Stored items
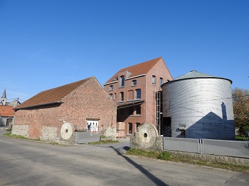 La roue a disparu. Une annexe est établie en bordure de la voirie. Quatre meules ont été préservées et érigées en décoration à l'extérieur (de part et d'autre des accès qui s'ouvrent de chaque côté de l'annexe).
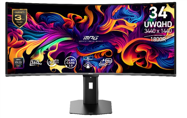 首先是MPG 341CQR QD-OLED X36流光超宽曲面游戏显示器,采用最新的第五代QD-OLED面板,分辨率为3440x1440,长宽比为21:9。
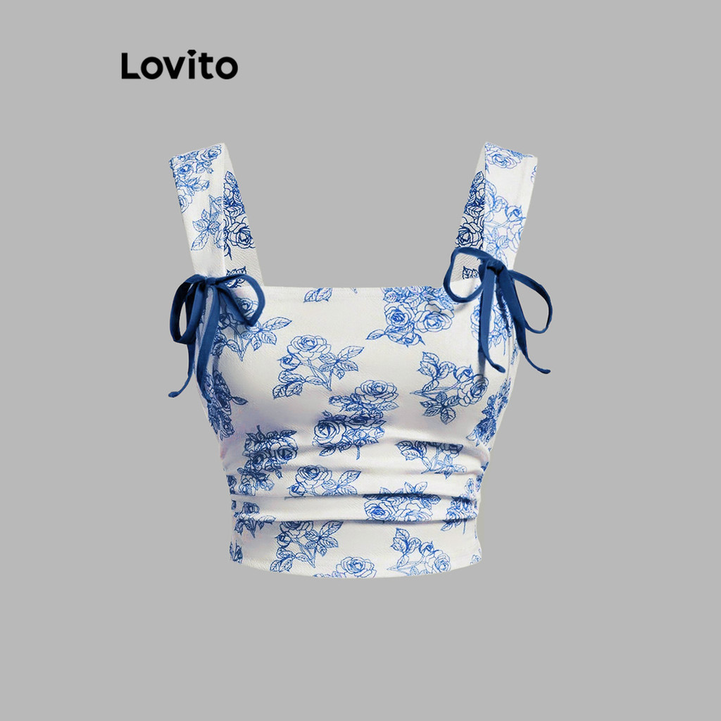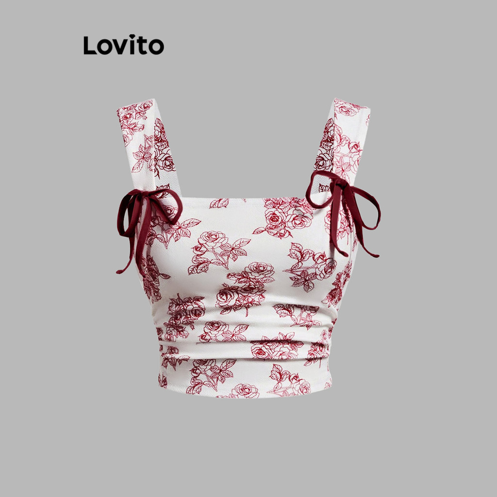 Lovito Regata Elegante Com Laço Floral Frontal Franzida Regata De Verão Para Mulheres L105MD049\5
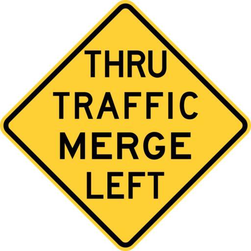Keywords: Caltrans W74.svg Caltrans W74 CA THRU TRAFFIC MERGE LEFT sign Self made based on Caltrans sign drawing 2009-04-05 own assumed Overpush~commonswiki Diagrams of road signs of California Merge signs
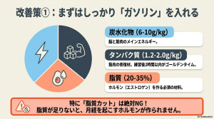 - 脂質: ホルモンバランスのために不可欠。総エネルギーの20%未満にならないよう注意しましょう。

Work to complete:
All lines from the one containing "首先是MPG 341CQR QD-OLED" through the end of the entries, both ends included, should be written out exactly, with no pictures.

Answer space:
 首先是MPG 341CQR QD-OLED X36流光超宽曲面游戏显示器,采用最新的第五代QD-OLED面板,分辨率为3440x1440,长宽比为21:9。
 Lovito Regata Elegante Com Laço Floral Frontal Franzida Regata De Verão Para Mulheres L105MD049\5
Keywords: Caltrans W74.svg Caltrans W74 CA THRU TRAFFIC MERGE LEFT sign Self made based on Caltrans sign drawing 2009-04-05 own assumed Overpush~commonswiki Diagrams of road signs of California Merge signs
 - 脂質: ホルモンバランスのために不可欠。総エネルギーの20%未満にならないよう注意しましょう。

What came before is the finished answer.